Losing Weight: Measuring Success

Posted: Oct 01 in Weight Management Strategies by
  • Do you feel successful when you lose weight, but then feel like a failure when you gain weight?
  • Do you feel successful only when you hit a weight loss goal, but feel like a failure if you lose weight, but not all the way down to your goal?

If the above questions describe you, you are falling into a trap that makes sustaining weight loss nearly impossible. Read on to learn how to avoid falling victim to this!

Why is losing weight important to you?

Before we address this, it is important for you to understand why losing weight is important to you. Do you want to lose weight just to be a lower number on the scale? To improve your health? To lower blood pressure / cholesterol / blood sugar? To lower your health risk for diabetes, heart disease or cancer? To have less pain in your knees, hips, ankles or back? To have more energy? To look better / fit in clothing? To be more attractive to your significant other? To be more comfortable traveling? To be happier?

Weight Loss vs. Mass Loss

During the pandemic, I had a telehealth visit with a patient and asked about his weight loss goals. His answer surprised me – he said, “I don’t really care about the weight number. I care about my body mass – I want to fit into my clothes!” As we continued to talk, he told me he was reading a book about gravity – he asked if I understood the difference between weight and mass, and then went on to explain to me, “I want to lose fat mass to improve my health. My clothes fitting better tells me I am losing fat mass. If I just wanted to lose weight, I’d take a trip to the moon!” 

Re-thinking goals

Before reading on, please write down the 3 or 4 reasons you want to lose weight.

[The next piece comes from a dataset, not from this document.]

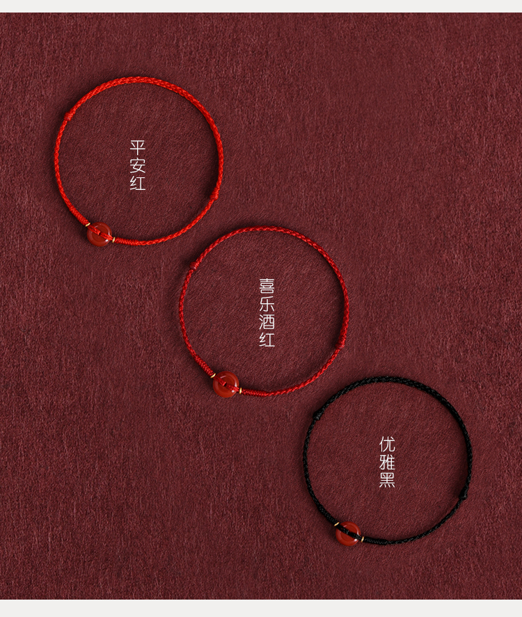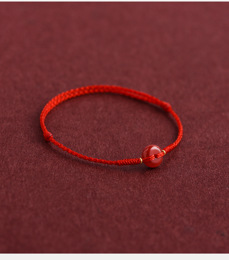 Natural Red Agate Ping An Buckle Red Rope Bracelet Men's and Women's 999 Gold Gold Transfer Beads Extremely Fine Woven Hand Rope

  1. To decrease my risk for type 2 diabetes because I lost a loved one to that disease, and had a mildly elevated blood sugar at my last physical exam.
  2. To improve my energy levels.
  3. So that I can hike easier without being so out of breath.
  4. To look amazing for an upcoming event.


Having weight loss as the goal, we are sidestepping the reasons why we want to lose weight. For example, it might take a different amount of weight loss to lower diabetes risk vs. to improve hiking vs. to look a certain way. And, weight loss goals ignore biology – as we lose more and more weight, it becomes exponentially harder. The human body resists weight loss by slowing metabolism and increasing hormones that make us hungry. To set weight loss goals that don’t appreciate how our body works is likely to lead to a failure to achieve those goals. 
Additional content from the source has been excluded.